── Dataset extract

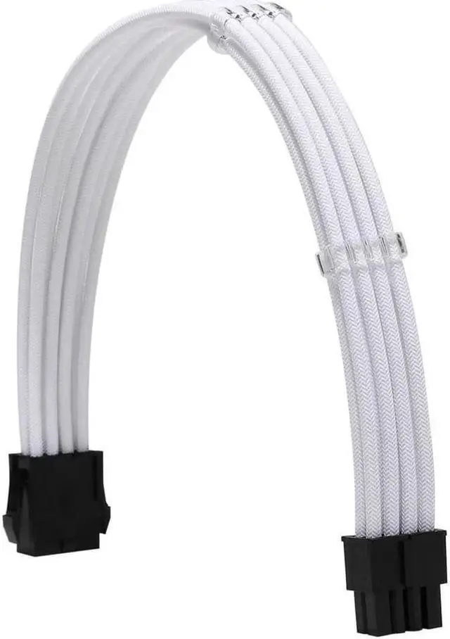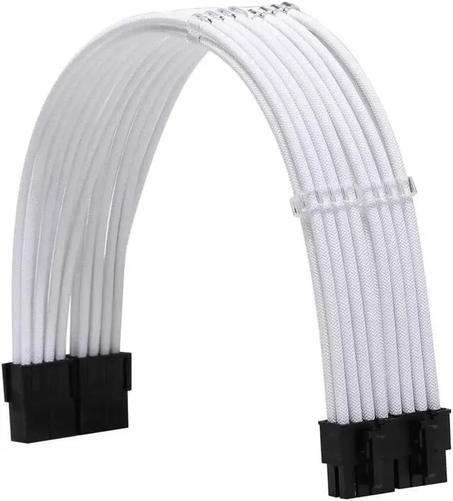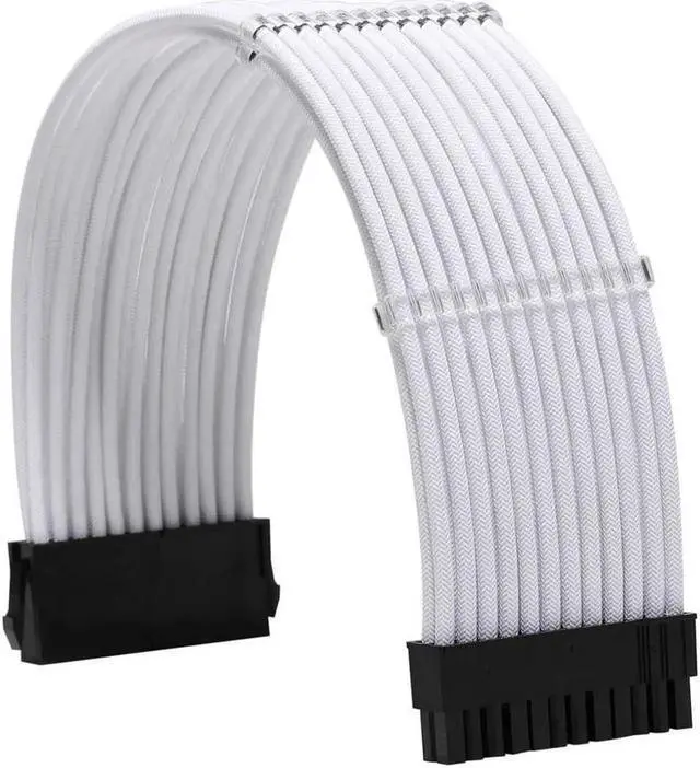 This white sleeved PSU extension kit includes ATX 24-pin, EPS 8-pin, and PCI-E 8-pin cables made with high-quality 18AWG wire for stable and safe power transmission. The soft sleeved appearance greatly improves the look of your PC case, while the included cable combs help organize cables neatly. It is widely compatible with standard power supplies, motherboards and graphics cards, perfect for PC building and modding.
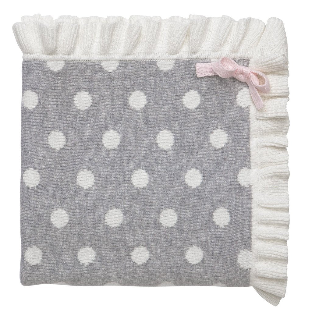 Baby blankets have many benefits that extend beyond solely providing warmth. Babies love the familiarity of their favorite blanket, always providing comfort and security throughout the many stages of development. That's why it's important to choose the softest, most durable blanket to stimulate your baby's developing senses. This Gray/Cream Ruffle Dot Knit Blanket matches perfectly with our 1' and 15' Ballet Bunny Knittie Bitties.
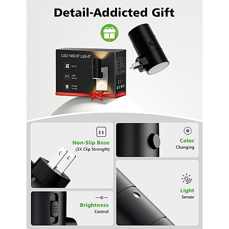 JOFIOS via Amazon [amazon.com] has 4-Pack JOFIOS Dimmable LED Wall Plug Night Lights w/ Sensor (Black) on sale for $22.99 - 50% off when you enter the coupon code 8KEWMJPR = $11.49. Shipping is free w/ Prime or on $35+.
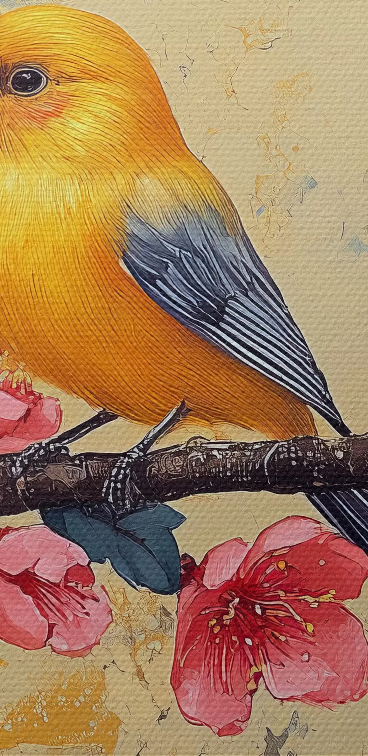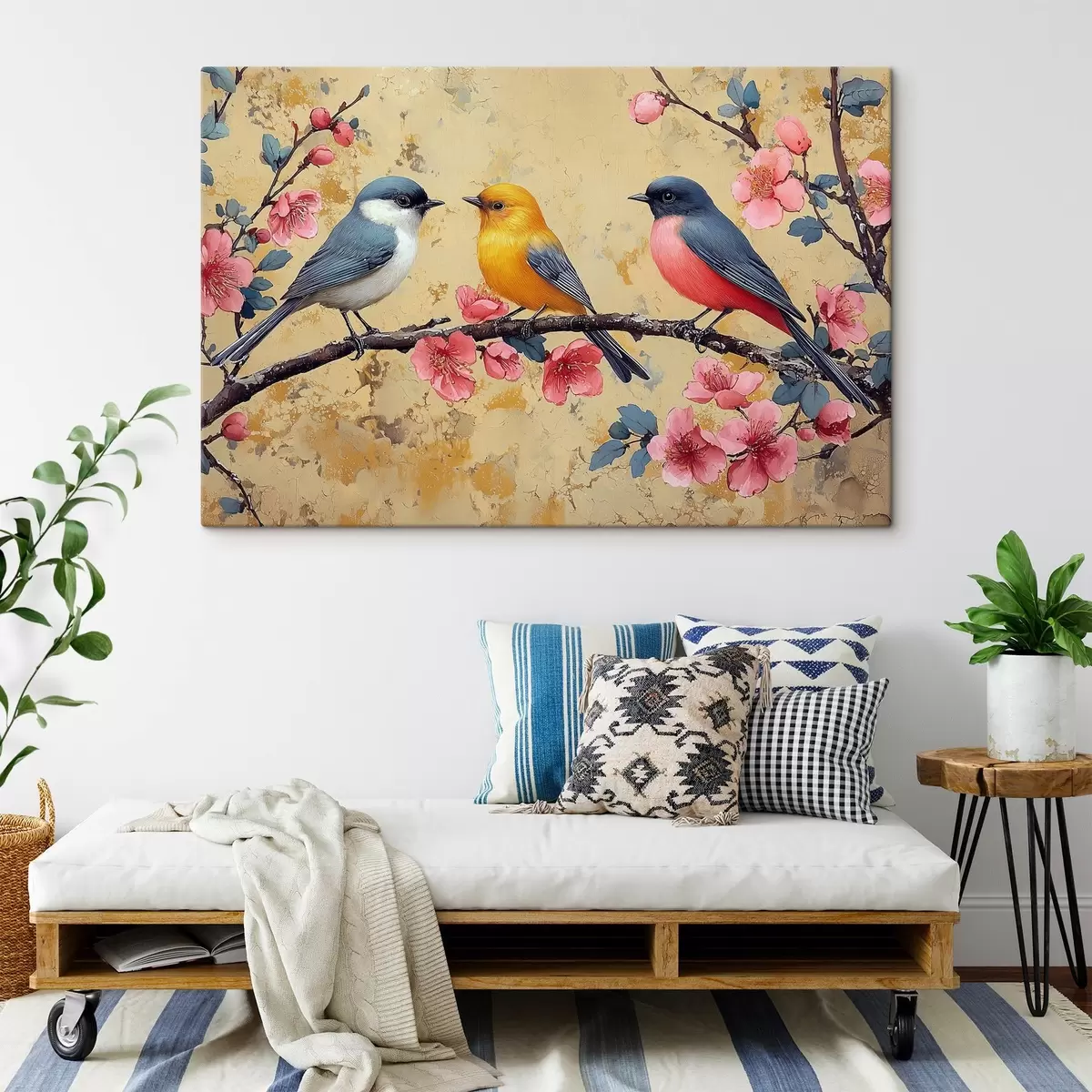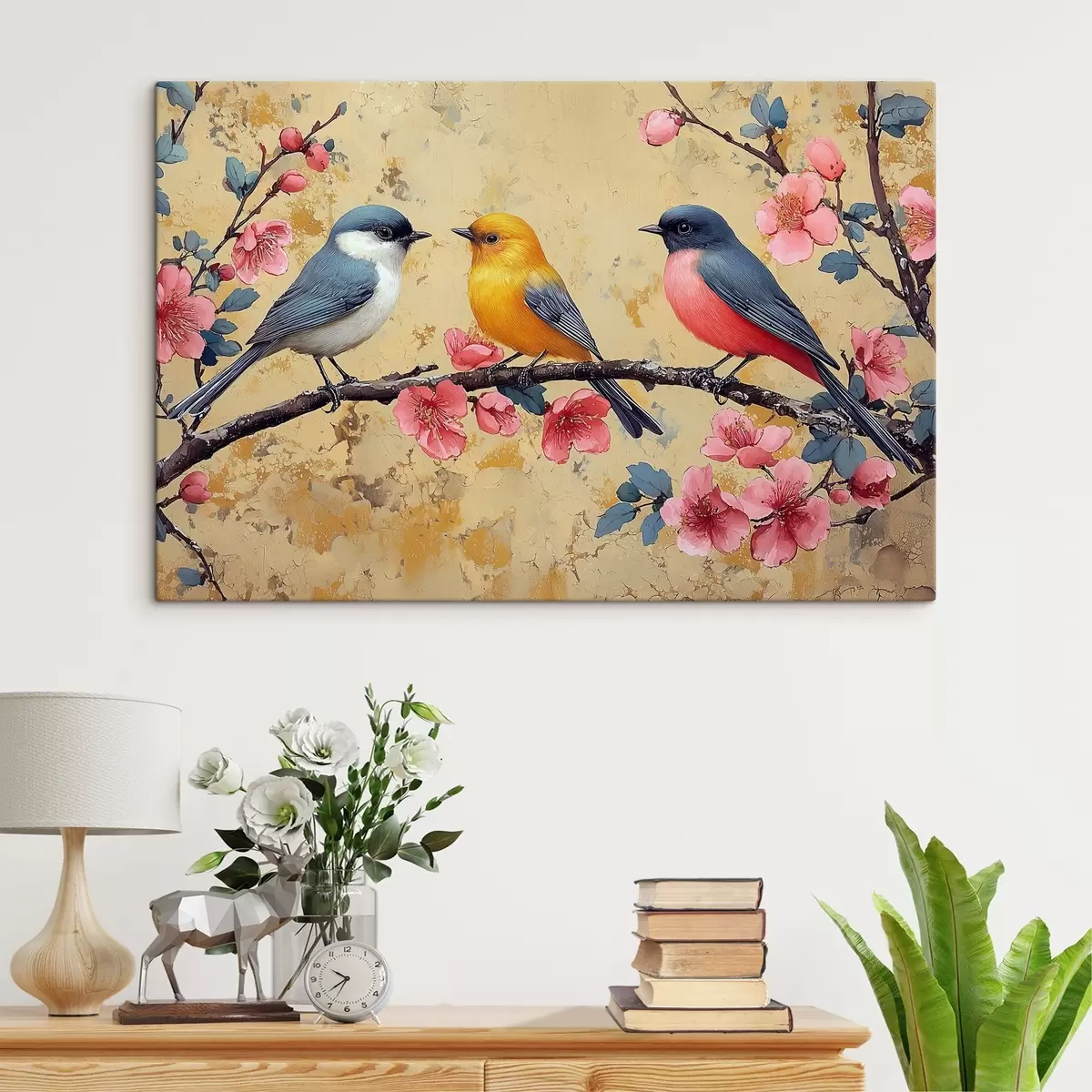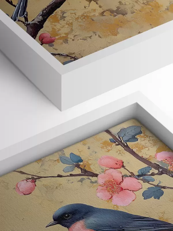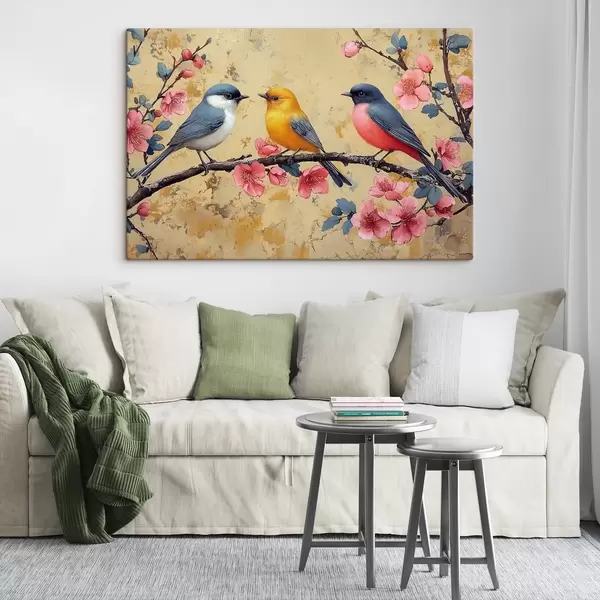 Schilderij Mussen op een tak van sakura in de stijl van olieverfschilderij Art. s41835

────

- Exercise: Pictures stay out; output the lines from the top of the listing above through the line containing "Baby blankets have", exactly as they stand.

- Result of the exercise:
 This white sleeved PSU extension kit includes ATX 24-pin, EPS 8-pin, and PCI-E 8-pin cables made with high-quality 18AWG wire for stable and safe power transmission. The soft sleeved appearance greatly improves the look of your PC case, while the included cable combs help organize cables neatly. It is widely compatible with standard power supplies, motherboards and graphics cards, perfect for PC building and modding.
 Baby blankets have many benefits that extend beyond solely providing warmth. Babies love the familiarity of their favorite blanket, always providing comfort and security throughout the many stages of development. That's why it's important to choose the softest, most durable blanket to stimulate your baby's developing senses. This Gray/Cream Ruffle Dot Knit Blanket matches perfectly with our 1' and 15' Ballet Bunny Knittie Bitties.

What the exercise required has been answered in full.